International conflict management, and the cultural issues associated with it, is one of the primary areas of research in the field at the time, as existing research is insufficient to deal with the ever-increasing contact occurring between international entities.

== Interorganizational conflict management ==
One of the key features of conflict management in inter-organizational relationships is the involvement of both an individual level and an organizational level. In inter-organizational relationships, conflicts have to be managed through a set of formal and informal governance mechanisms. These mechanisms influence the likelihood and type of conflicts but also the way conflicts are managed between the parties.

==Application==

===Higher education===
With only 14% of researched universities reporting mandatory courses in this subject, and with up to 25% of the manager day being spent on dealing with conflict, education needs to reconsider the importance of this subject. The subject warrants emphasis on enabling students to deal with conflict management.

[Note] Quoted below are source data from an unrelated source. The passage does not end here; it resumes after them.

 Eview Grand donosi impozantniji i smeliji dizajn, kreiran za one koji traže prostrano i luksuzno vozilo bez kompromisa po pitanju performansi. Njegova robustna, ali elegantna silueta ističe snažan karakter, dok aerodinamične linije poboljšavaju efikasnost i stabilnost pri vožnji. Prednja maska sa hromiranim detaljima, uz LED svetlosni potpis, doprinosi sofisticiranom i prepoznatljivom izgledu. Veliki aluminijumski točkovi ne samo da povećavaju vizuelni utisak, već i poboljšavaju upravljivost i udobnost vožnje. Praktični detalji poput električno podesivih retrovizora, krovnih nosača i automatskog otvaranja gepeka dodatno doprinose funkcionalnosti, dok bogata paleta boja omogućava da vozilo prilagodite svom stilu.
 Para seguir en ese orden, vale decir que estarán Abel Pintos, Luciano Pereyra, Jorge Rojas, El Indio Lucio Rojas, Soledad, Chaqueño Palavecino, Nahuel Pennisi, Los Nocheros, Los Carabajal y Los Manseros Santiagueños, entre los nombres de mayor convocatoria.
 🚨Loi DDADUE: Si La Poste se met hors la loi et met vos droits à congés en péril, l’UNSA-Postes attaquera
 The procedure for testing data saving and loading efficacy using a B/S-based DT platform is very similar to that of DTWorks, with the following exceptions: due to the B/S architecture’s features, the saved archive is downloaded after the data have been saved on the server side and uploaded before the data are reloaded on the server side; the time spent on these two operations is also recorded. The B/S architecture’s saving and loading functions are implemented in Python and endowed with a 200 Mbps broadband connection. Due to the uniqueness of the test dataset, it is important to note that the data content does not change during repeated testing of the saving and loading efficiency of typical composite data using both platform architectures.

"Providing more conflict management training in undergraduate business programs could help raise the emotional intelligence of future managers." The improvement of emotional intelligence found that employees were more likely to use problem-solving skills, instead of trying to bargain.

Students need to have a good set of social skills. Good communication skills allow the manager to accomplish interpersonal situations and conflict. Instead of focusing on conflict as a behavior issue, focus on the communication of it.

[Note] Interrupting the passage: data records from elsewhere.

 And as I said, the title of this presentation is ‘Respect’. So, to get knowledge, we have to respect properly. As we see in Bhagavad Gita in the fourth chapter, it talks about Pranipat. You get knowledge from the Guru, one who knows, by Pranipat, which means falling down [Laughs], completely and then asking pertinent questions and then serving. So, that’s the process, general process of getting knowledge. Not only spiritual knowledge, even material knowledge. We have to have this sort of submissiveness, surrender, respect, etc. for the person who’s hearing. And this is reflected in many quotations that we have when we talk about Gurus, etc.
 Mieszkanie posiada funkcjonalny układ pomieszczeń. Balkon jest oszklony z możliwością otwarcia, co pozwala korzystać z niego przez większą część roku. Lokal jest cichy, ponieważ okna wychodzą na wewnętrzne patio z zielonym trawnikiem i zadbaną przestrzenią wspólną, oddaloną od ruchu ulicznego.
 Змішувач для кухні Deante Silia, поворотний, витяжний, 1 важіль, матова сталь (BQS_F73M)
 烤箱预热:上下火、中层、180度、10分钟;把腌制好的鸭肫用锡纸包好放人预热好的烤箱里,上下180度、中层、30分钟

With an understanding of the communications required, the student will gain the aptitude needed to differentiate between the nature and types of conflicts. These skills also teach that relational and procedural conflict needs a high degree of immediacy to resolution. If these two conflicts are not dealt with quickly, an employee will become dissatisfied or perform poorly.

It is also the responsibility of companies to react. One option is to identify the skills needed in-house, but if the skills for creating workplace fairness are already lacking, it may be best to seek assistance from an outside organization, such as a developmental assessment center.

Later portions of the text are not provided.